Using the material below, print a verbatim copy of every line from the one containing "แจ้งเตือนผ่านการโทร2G/แอพมือถือWifi/SMS ความเคลื่อนไหว1 ประตู9" through the one containing "Pour cela double", inclusive, and omit the pictures.

■ **Recorded information**
────
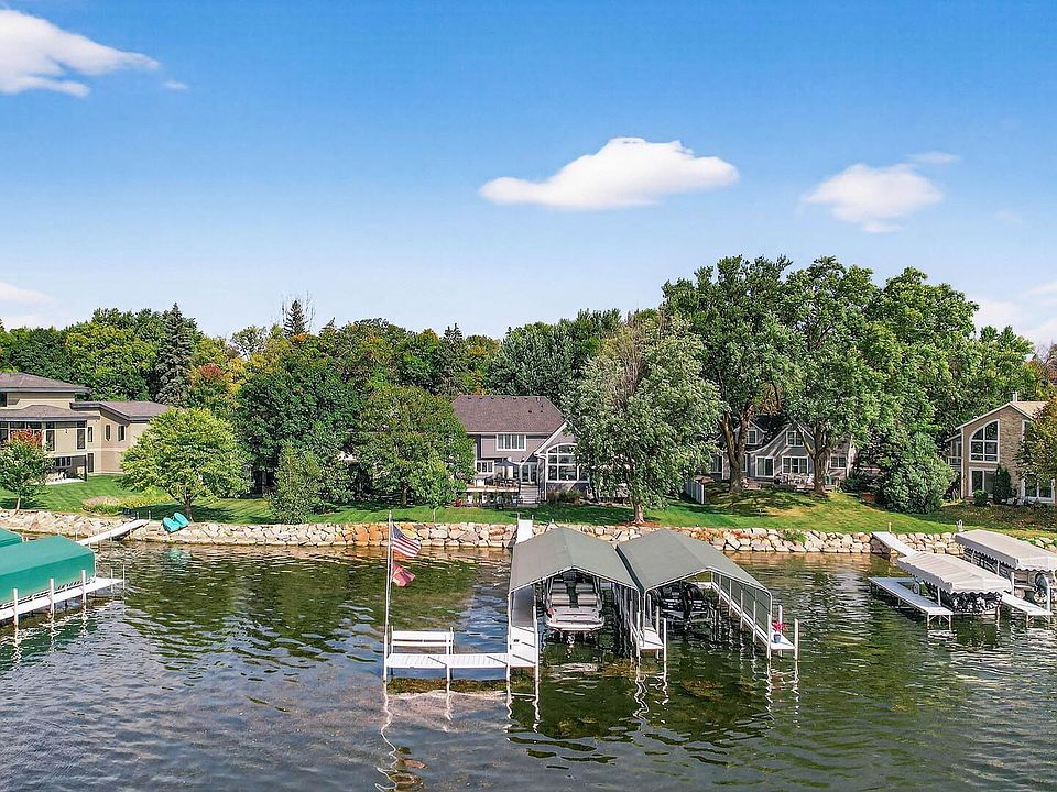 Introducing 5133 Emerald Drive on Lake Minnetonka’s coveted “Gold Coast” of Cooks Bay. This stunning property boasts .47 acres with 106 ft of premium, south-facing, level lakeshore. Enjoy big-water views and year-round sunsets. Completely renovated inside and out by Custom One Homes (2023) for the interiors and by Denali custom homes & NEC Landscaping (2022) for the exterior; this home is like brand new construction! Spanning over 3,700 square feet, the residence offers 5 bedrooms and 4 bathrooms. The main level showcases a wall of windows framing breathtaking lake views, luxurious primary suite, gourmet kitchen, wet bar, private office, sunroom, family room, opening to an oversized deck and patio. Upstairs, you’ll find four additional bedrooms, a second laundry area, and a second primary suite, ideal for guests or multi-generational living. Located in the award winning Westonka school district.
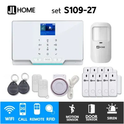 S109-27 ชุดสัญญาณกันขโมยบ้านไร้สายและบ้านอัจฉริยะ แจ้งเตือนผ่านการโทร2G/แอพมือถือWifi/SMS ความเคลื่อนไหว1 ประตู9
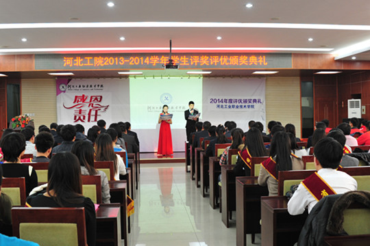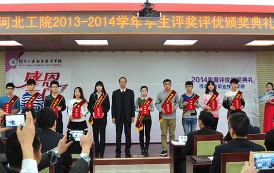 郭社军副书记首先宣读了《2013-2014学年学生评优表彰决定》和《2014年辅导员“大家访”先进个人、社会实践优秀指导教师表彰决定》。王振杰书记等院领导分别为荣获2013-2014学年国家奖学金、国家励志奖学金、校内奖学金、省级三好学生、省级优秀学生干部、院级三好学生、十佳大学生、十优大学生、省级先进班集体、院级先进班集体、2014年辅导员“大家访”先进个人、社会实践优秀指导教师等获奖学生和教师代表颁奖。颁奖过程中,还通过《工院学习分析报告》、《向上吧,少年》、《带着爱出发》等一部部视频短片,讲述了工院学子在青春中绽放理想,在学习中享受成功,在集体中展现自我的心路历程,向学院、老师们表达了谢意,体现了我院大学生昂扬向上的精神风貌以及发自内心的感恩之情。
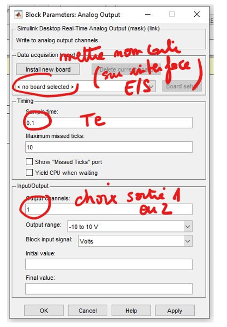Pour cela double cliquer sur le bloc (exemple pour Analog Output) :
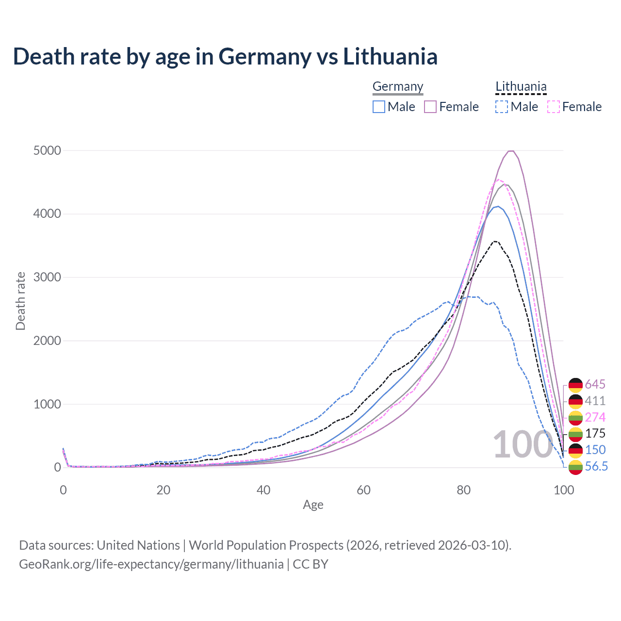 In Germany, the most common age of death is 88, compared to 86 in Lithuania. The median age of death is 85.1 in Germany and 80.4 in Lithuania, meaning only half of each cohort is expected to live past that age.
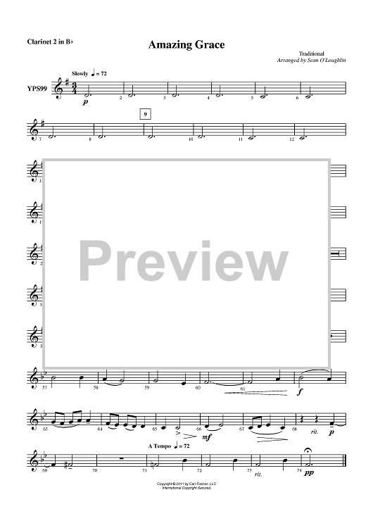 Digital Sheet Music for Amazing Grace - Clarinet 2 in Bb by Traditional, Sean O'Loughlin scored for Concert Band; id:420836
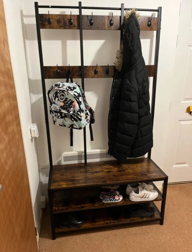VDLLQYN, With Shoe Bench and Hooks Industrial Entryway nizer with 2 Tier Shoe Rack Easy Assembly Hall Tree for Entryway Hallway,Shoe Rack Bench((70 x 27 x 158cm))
────
■ **Response to this exercise**
 S109-27 ชุดสัญญาณกันขโมยบ้านไร้สายและบ้านอัจฉริยะ แจ้งเตือนผ่านการโทร2G/แอพมือถือWifi/SMS ความเคลื่อนไหว1 ประตู9
 郭社军副书记首先宣读了《2013-2014学年学生评优表彰决定》和《2014年辅导员“大家访”先进个人、社会实践优秀指导教师表彰决定》。王振杰书记等院领导分别为荣获2013-2014学年国家奖学金、国家励志奖学金、校内奖学金、省级三好学生、省级优秀学生干部、院级三好学生、十佳大学生、十优大学生、省级先进班集体、院级先进班集体、2014年辅导员“大家访”先进个人、社会实践优秀指导教师等获奖学生和教师代表颁奖。颁奖过程中,还通过《工院学习分析报告》、《向上吧,少年》、《带着爱出发》等一部部视频短片,讲述了工院学子在青春中绽放理想,在学习中享受成功,在集体中展现自我的心路历程,向学院、老师们表达了谢意,体现了我院大学生昂扬向上的精神风貌以及发自内心的感恩之情。
Pour cela double cliquer sur le bloc (exemple pour Analog Output) :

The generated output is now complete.